BEGIN Data for analysis

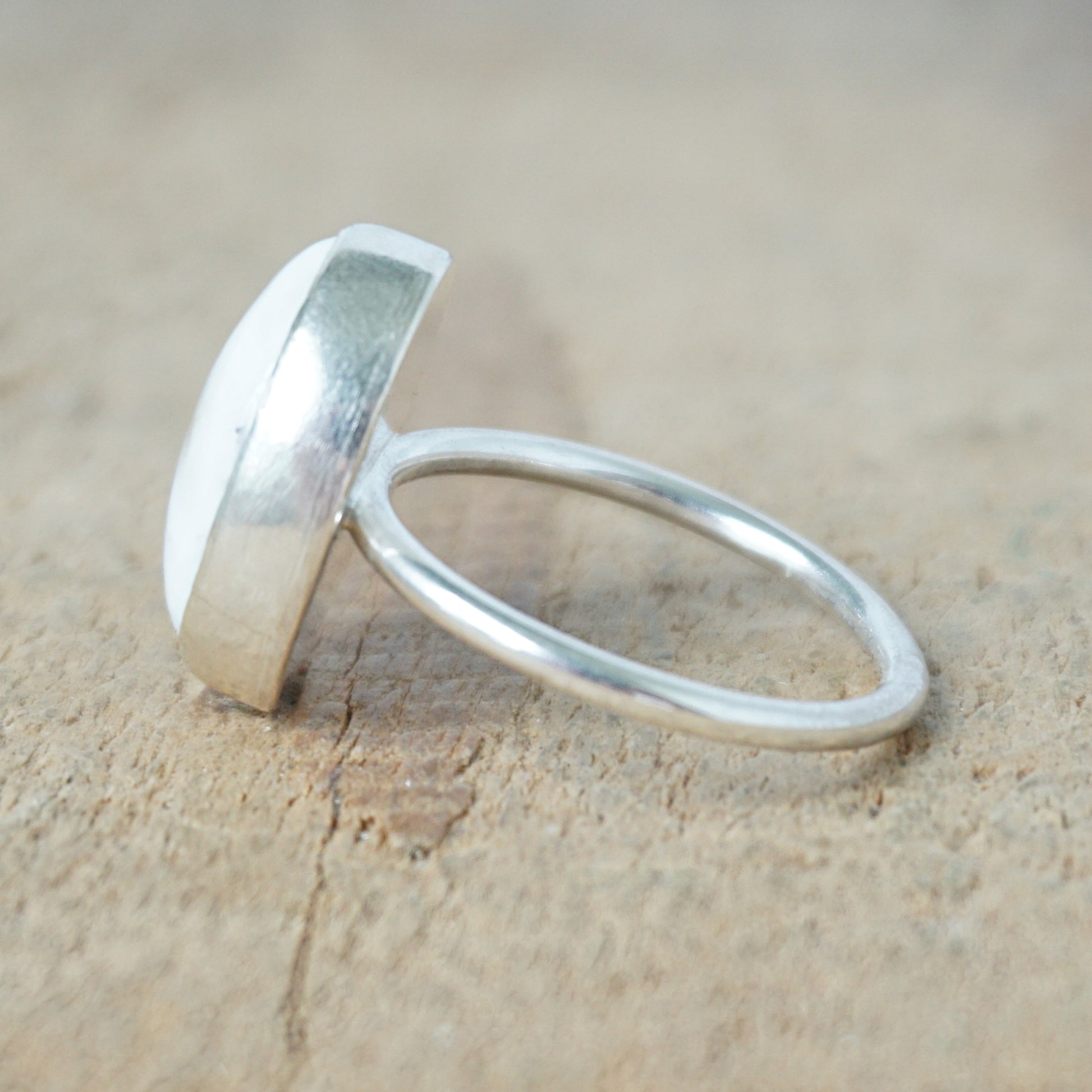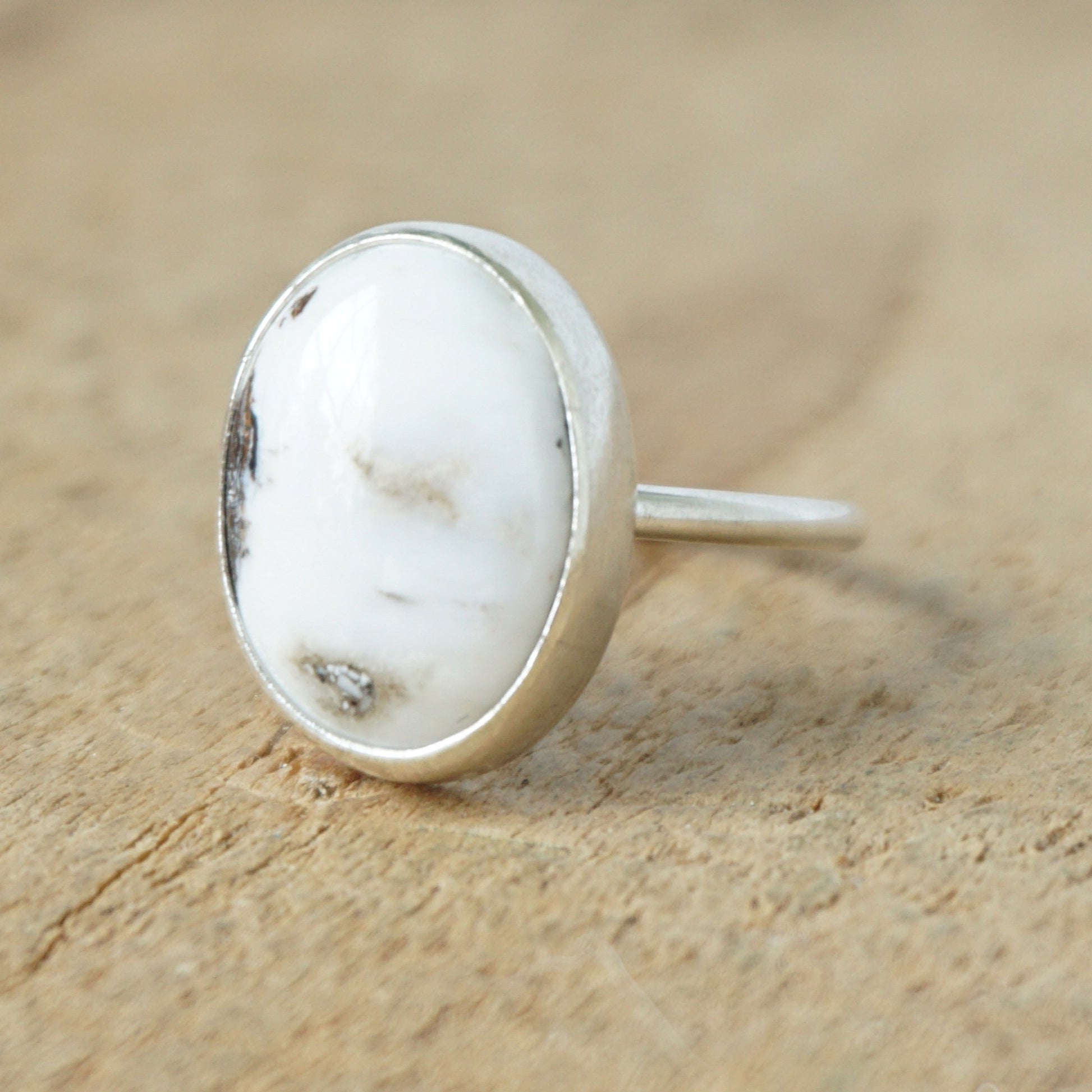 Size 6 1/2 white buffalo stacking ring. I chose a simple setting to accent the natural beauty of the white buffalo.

END Data for analysis
BEGIN Data for analysis

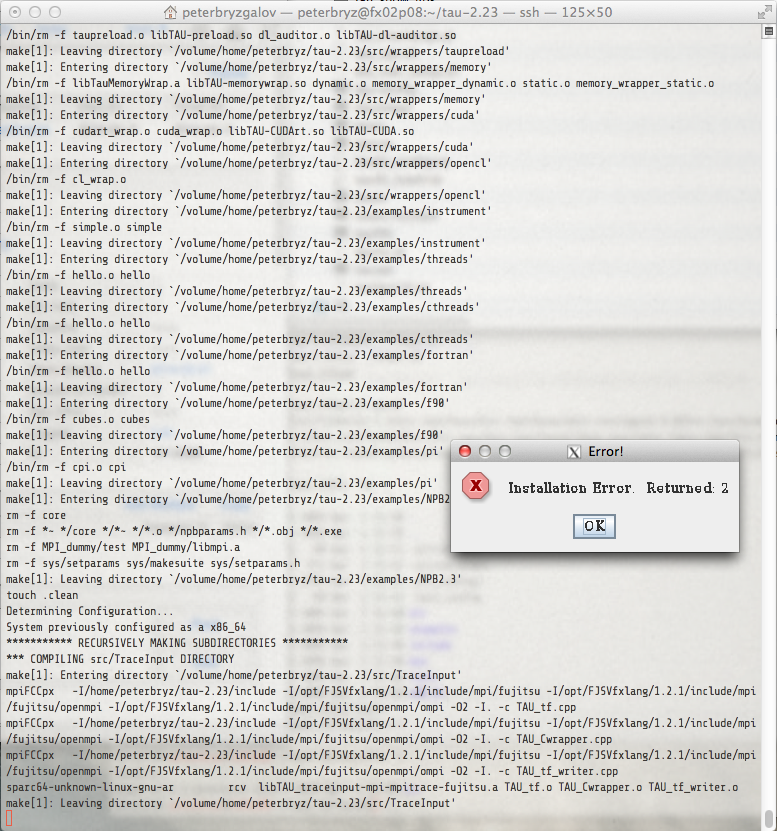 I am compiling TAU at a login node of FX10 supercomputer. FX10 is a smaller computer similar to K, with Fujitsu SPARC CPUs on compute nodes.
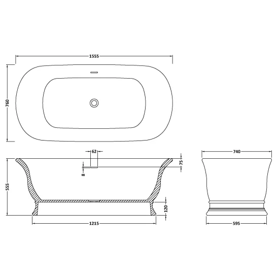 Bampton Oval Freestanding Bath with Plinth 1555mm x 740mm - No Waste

END Data for analysis

**Task to carry out:** Would you copy out, exactly and with no pictures, only the lines above from the one that contains "I am compiling" through the one that contains "Bampton Oval Freestanding"?

**Exercise result:**
 I am compiling TAU at a login node of FX10 supercomputer. FX10 is a smaller computer similar to K, with Fujitsu SPARC CPUs on compute nodes.
 Bampton Oval Freestanding Bath with Plinth 1555mm x 740mm - No Waste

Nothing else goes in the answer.